В баре с декоративной кирпичной стеной, в нишах которой торчали горшочки с ползучими жизнерадостными растениями, было пусто. Ни души. Из невидимого динамика сочилась мелодия; кто-то пел чистым детским голоском по-японски. Борис Собакин заглянул в кухонное помещение, примыкающее к бару, и обнаружил там свою знакомую барменшу, Изабеллу Васильевну: она была толстая, медлительная, немолодая, на голове у нее красовалось сложное сооружение из морковных волос. Изабелла Васильевна сидела на стуле, непринужденно расставив ноги, и внимательно ела спелый персик с помятым бочком, держа фрукт двумя пальцами на некотором удалении в целях самосохранения от обильного сокоизвержения.
— Иду! Иду! — пропела она с той особенной интонацией, которая свидетельствовала, что Борис Собакин обладал здесь известными привилегиями, и стыдливо сдвинула сократовские лбы коленей.
Малыш расположился за столиком и с независимым видом курил сигарету.
— Ну вот, — присел рядом Борис Собакин на бочкообразный стул, — твоя мечта познакомиться с барменшей и быть с ней в приятельских отношениях осуществилась. Должен тебе признаться, что это самое простое из всего того, о чем ты мечтал.
— Наверное, — рассеянно согласился Малыш.
— Ты мечтал о легкой славе, мой маленький Бонапарт. Ты взял Тулон и совершенно свихнулся от счастья. Но этот Тулон находился всего в нескольких верстах от Бородина. Рукой подать до пожара Москвы! Когда я это понял…
— Ты взял и немедленно сдался, — съехидничал Малыш.
— Ничего подобного! — запротестовал Борис Собакин. — Я просто бросил играть эту дурацкую роль. Не захотел быть эпигоном.
— Да врешь ты все… — неожиданно развязным тоном произнес Малыш.
— То есть как вру? — остолбенел Борис Собакин. Малыш не изволил ответить.
— Ты не понимаешь одной важной вещи, — решив не обидеться, а убедить, спокойно сказал Борис Собакин и почувствовал, что находит верный ход. — Только так я мог остаться порядочным человеком.
— Я так и знал, что ты сейчас же свернешь на порядочность! Ты рассуждаешь как жертва.
— А ты бы хотел, чтобы я рассуждал как палач? — поинтересовался Борис Собакин. «Вмазал», — удовлетворенно отметил он про себя.
Малыш прикусил язык.
— Умеешь ты выворачивать слова наизнанку, — пробормотал он недовольно.
— Да не сердись ты! — примирительно сказал Борис Собакин. — Не все так плохо. Мне двадцать семь лет, у меня готовая диссертация, в которой, скажу без ложной скромности, есть несколько дельных мыслей. Через полгода я ее защищу…
— Короче говоря, ты доволен собой? — спросил Малыш без особенной, казалось бы, агрессивности.
— Ну разве может умный человек быть довольным собою? — надлежащим образом удивился Борис Собакин.
— А ты умный человек? — с невиннейшим видом спросил Малыш.
— Знаешь, — помявшись, сказал Борис Собакин, — нечего на мне крест ставить… Меня ценят на работе как перспективного специалиста, подающего надежды и всякое такое…
— И как порядочного человека… — вставил Малыш.
— Конечно!
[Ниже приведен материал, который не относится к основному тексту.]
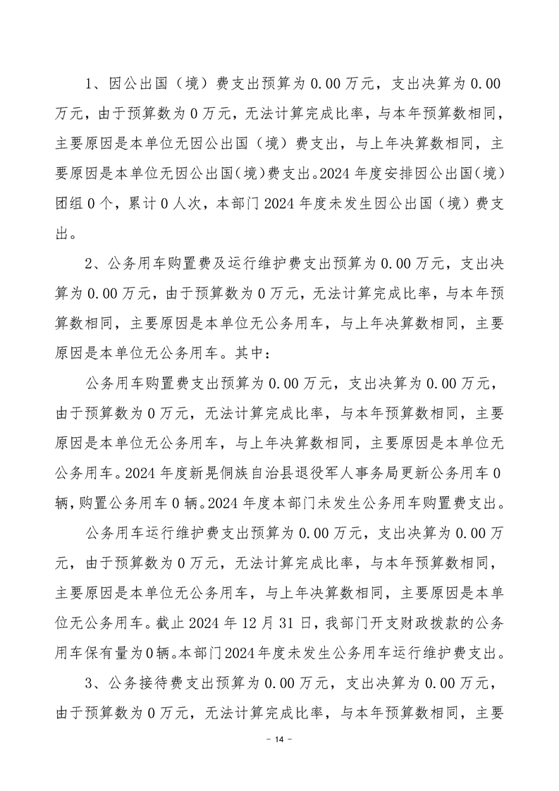 2024年度新晃侗族自治县退役军人事务局部门决算

Лезть по головам, как по кочанам капусты!.. Нет, милый, это не для меня. Такой роскоши я себе не могу позволить. Пусть лучше я останусь гол как…
— Стой! — нетерпеливо вскрикнул Малыш, и слово «сокол» с гарпуном ударения, воткнутым в последний слог, застряло поперек горла: Борис Собакин закашлялся. — Это в конце концов пошло. Неужели ты не можешь сказать что-нибудь более оригинальное?
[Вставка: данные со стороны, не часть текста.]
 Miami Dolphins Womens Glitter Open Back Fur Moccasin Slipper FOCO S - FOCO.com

— Это жестоко… — пробормотал Борис Собакин. Слова Малыша задели его за живое: было больно.
— Зачем ты так? — спросил он с вымученной улыбкой. — Я спешил к тебе, бежал сломя голову… Я думал, что мы встретимся как друзья, посидим, вспомним детские глупости… Ну, помнишь, например, как в детстве, в нашем общем с тобою детстве, ты играл сам с собою в шахматы, играл за белых и за черных одновременно, и так плохо играл, что болел за одних, а выигрывали другие… Сам себя не мог обыграть… помнишь?